Qui non si tratta di trovare scuse a un Napoli scialbo e spento. Qui non si tratta neanche di sentenziare che Orsato era in malafede, perché non se ne hanno le prove. Qui si tratta di dire chiaramente che Inter-Juve è stata indirizzata e falsata, a prescindere che lo sia stata per errore o per volontà. Qui si tratta di capire come raccontare e farsi raccontare il calcio, di come analizzare certi eventi, perché la sentenza di malafede, in quanto a dimostrabilità, vale esattamente quanto quella di buonafede. Nessuno può dire con certezza se in un giudice vi siano dei condizionamenti o meno, ma il dogma dell’arbitro retto e degli addetti ai lavori integerrimi non regge più. È la storia del nostro calcio, e non solo il nostro, a dirlo, ad alimentare sospetti.
È folle asserire o anche solo pensare che in un ambiente fatto di uomini, soldi e interessi capaci di attirare la complicità di istituzioni, politici e centri di potere, la pulizia sia garantita. Il sistema calcio, piuttosto, è guasto come il Paese di cui fa parte, e la sua questione morale si è palesata più volte nelle aule di tribunale, tra ripetuti scandali e crac finanziari che sono iniziati a inizio Novecento e mai sono terminati.
Eppure, chi ha il privilegio di parlare dai teleschermi nazionali non accenna mai all’approfondimento del dubbio ma tende sempre a salvaguardare la serenità del calcio.
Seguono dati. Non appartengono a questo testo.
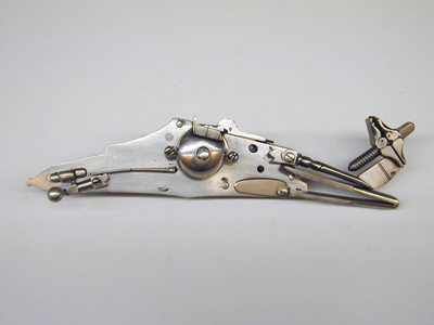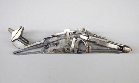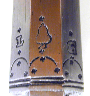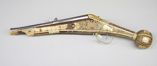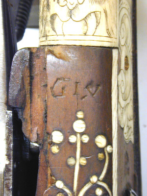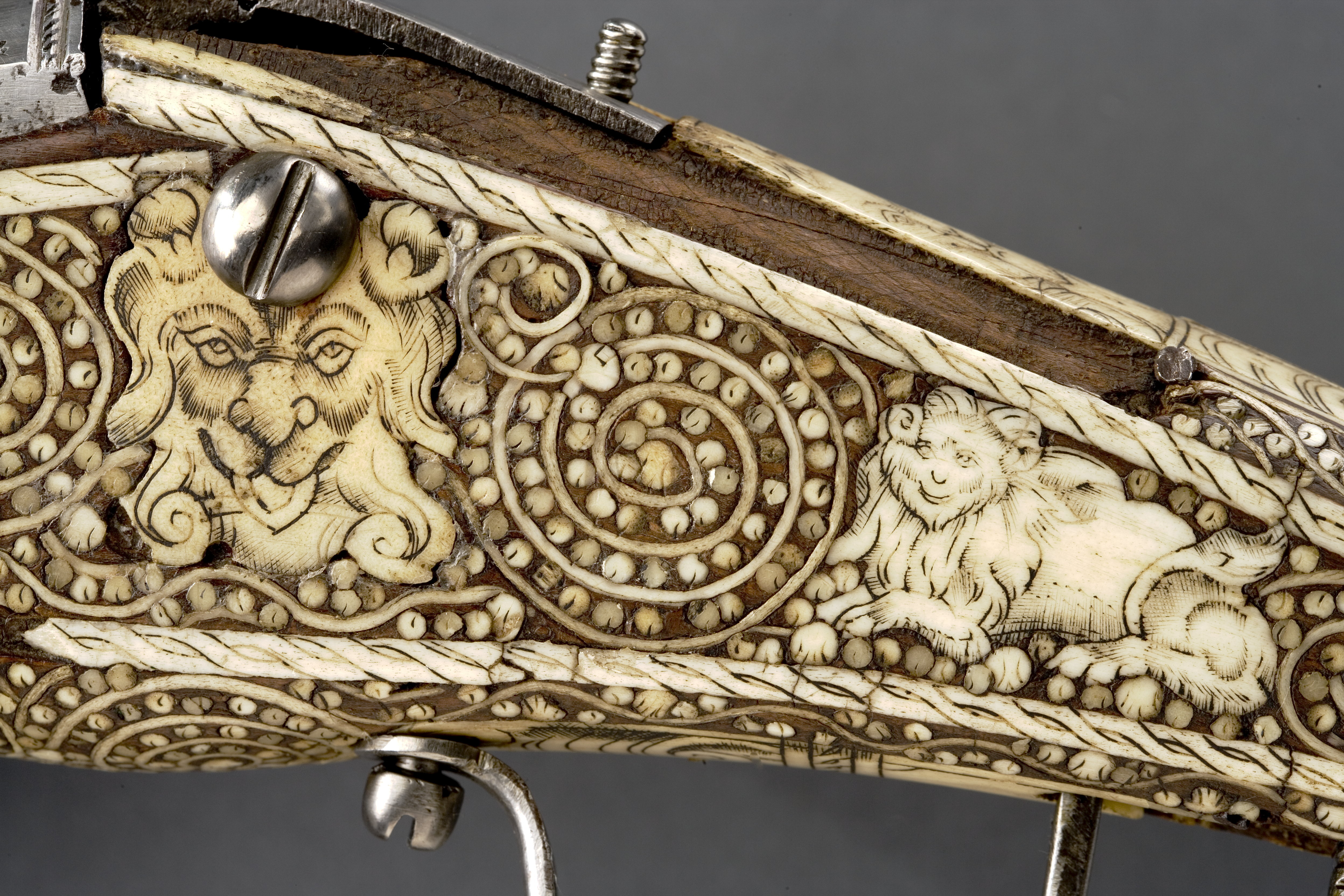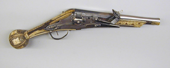 Rund, slätborrad pipa av stål med trumf, graverad linje vid mynningen. Åttsidig kammare med ringar samt båg-och stjärnpunsningar i båda ändar. Vid pipbasen stämplar: på mittfasen ekollon, till v L, till h G (LRK vägl.1921:227-229, jfr Stöckelnr 7555). Rektangulärt, kraftigt böjt svansskruvblad. Fästning: Två häften. Pipan fäst med krysskruv underifrån (varbygelns skruv) samt två pipstift av trä. Hjullås av stål, tysk typ med plant låsbleck. Utvändigt hjul fäst med hög, välvd hjulkapsel, ej täckande hjulets sidor, skruvar kl. 3 och 9. Fängpanna med streckdekor, låg rak krutskärm. Fängpannelock med rörlig arm, grepp med spetsig ände, tryckknappen saknas. Hane med smal, baktill balusterformig kropp, bred, fyrsidig hals med böjd framsida. Rektangulära käkar med rundade fasningar och punsad dekor på utsidan, underkäken lös, käkskruv med fyrsidigt huvud. Hanfjäder med delvis rundade kanter, stort, plattfjäderlöv med fasade kanter, ingen studel. Säkring: Virvelsäkring med kulformigt grepp. Fästning: Två låsskruvar. Avtryckare: Rak avtryckare. Helstock av trä, till stor del täckt med graverade beninläggningar. Rak, i vinkel mot pipan böjd, bakåt avsmalnande kolv med stor, rund kolvkula, d: ca 70 mm, centrumplatta med manshuvud, profil h, morion, kantfläta. På kolvkulans sidor sex fält åtskilda av flätband, i fälten punkter, spiralslingor samt lejonmasker. På resten av kolven kantlister med flätband, båglister och punkter, på kolvryggen och undersidan samt vid låset lister med rullverksdekor, vid svansskruvbladet plattor med rullverk och masker. Vid främre låsskruven en rund platta med en fembladig blomma, vid den bakre en lejonmask, därbakom ett liggande lejon. På laddstocksrännans kanter två flätlister, baktill en platta med lejonmask. Näsband och överrörka med streckdekor. Bandformig varbygel av stål, framänden fäst med krysskruven, bakänden inskruvad i kolven.

L’ultimo esempio in ascesa è quello del buon Riccardo Cucchi, passato dalla radio alla tivù, dall’ottima carriera di radiocronista apprezzato a quella di conduttore-commentatore ecumenico della Domenica Sportiva. Apprezzabilissimo il suo tentativo di abbassare i toni, ma la narrazione fiabesca di un calcio onesto e la sentenza della partita non falsata da Orsato sono fragili e non stanno in piedi, poiché i ripetuti scandali hanno minato da tempo la fiducia nella trasparenza dell’intero mondo del Calcio.
L’opacità di un mondo malato e immorale è nascosta da una scintillante retorica del pallone che brilla fino all’esplosione dello scandalo di turno. A scandalo in corso, tutti a indignarsi, e magari a sperare che termini al più presto possibile, senza troppi danni, tradendo la propria moralità. E a scandalo terminato si riprende a credere che tutto sia ripulito, di nuovo brillante. Illusione! Il fatto è che gli scandali sono iniziati coi primi calci di inizio Novecento, non hanno mai avuto soluzione di continuità, e chissà cosa ci riserverà l’incognita del tempo futuro.
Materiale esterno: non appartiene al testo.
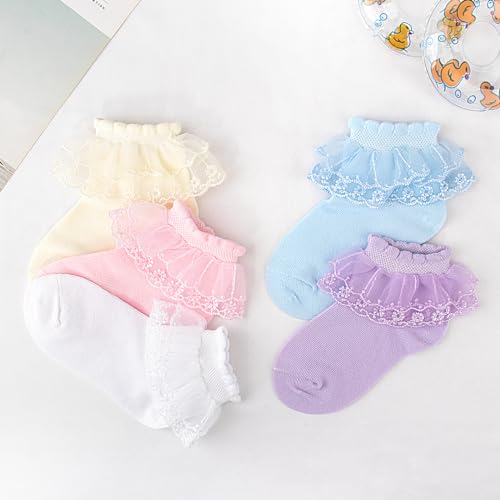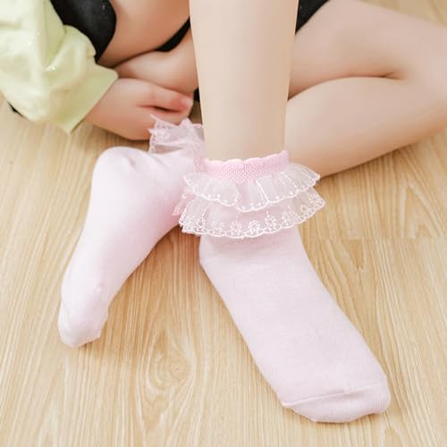 Meeshine 5 Pack Toddler Baby Girls Ruffle Lace Socks Princess Frilly Trim gentle Cotton Knit Ankle Socks for 2-9T Kids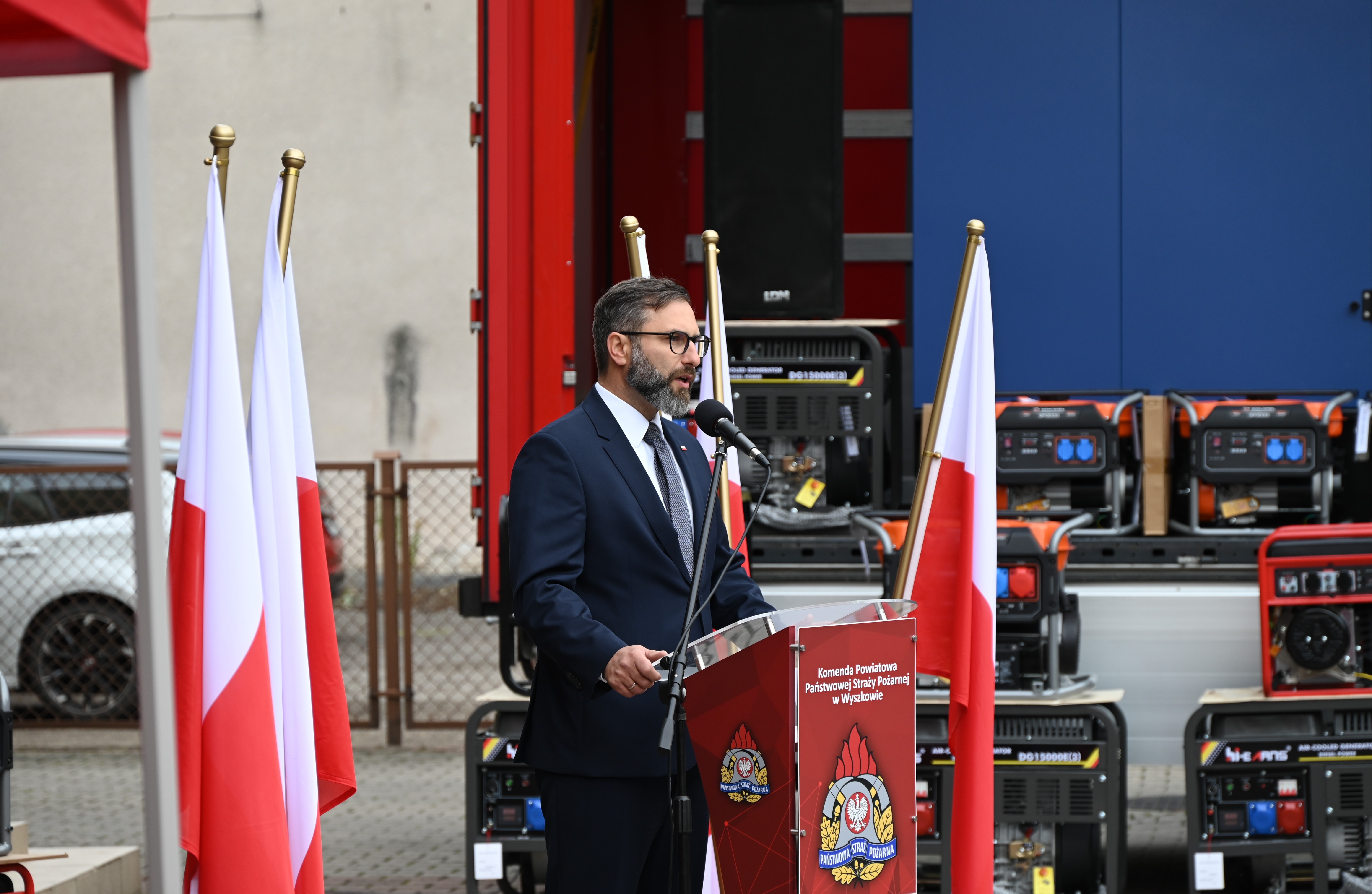- wręczenie aktów przekazania sprzętu ratowniczego (agregatów prądotwórczych) dla jednostek Państwowej i Ochotniczej Straży Pożarnej z terenu województwa mazowieckiego.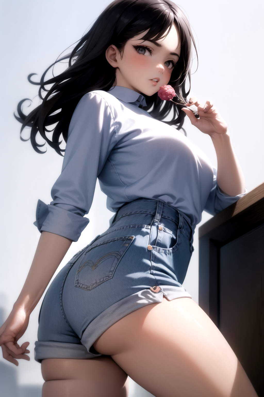 LoRA 训练用于生成高腰牛仔短裤(Levi's 风格)。我发现使用基础模型很难稳定生成这种特定款式的牛仔短裤,因此这个 LoRA 解决了这个问题。如果你希望看到更多此类 LoRA,请告诉我。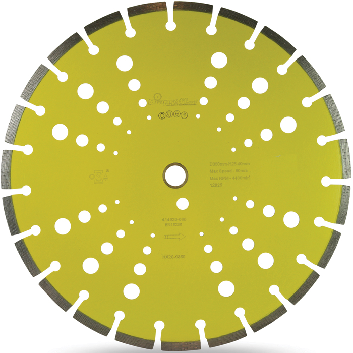 Super profesjonelt diamantsagblad med 3-dimensjonalt optimalisert diamantmatrise og 12 mm segmenthøyde sikrer 100% overlegen skjærehastighet og levetid. Dobbelsidig lasersveisede segmenter for optimal person sikkerhet i.h.h.t OSA og full ventilert bladstamme for maksimal kjøling og utkastelse av skjærestøv.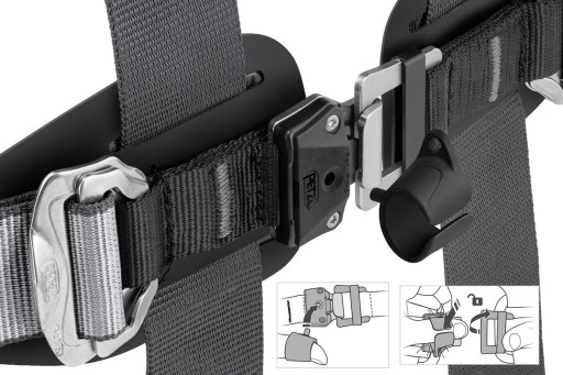- одягання клієнта в упряж полегшується завдяки автоматичним пряжкам FAST, розташованим на задній частині упряжі,

C’era una volta un “giornalista giornalista” che i sospetti sul calcio italiano li approfondiva, non lasciandosi mai sedurre dalla retorica buonista del gioco pulito e della buonafede. Quel giornalista era uno “contro”, ma contro il giornalismo privo di verità. Denunciò il mobbing subito da Eugenio Scalfari a La Repubblica dopo aver raccolto prove in Africa della combine di Italia-Camerun ai mondiali di Spagna 82, e dovette lasciare il giornale nonostante la vittoria della causa intentata. Dopo più di 20 anni di giornalismo di inchiesta denunciò di essere stato boicottato dal Tg3 di Bianca Berlinguer, dove evidenziava ogni domenica la corruzione del calcio italiano anche dopo Calciopoli. Ha avuto una carriera piena di ostacoli e porte chiuse, e poi è scomparso, lasciando in noi che scriviamo per amor di verità un profondo vuoto. Di Oliviero Beha, nel giornalismo sportivo, ce n’era uno, ed era anche troppo.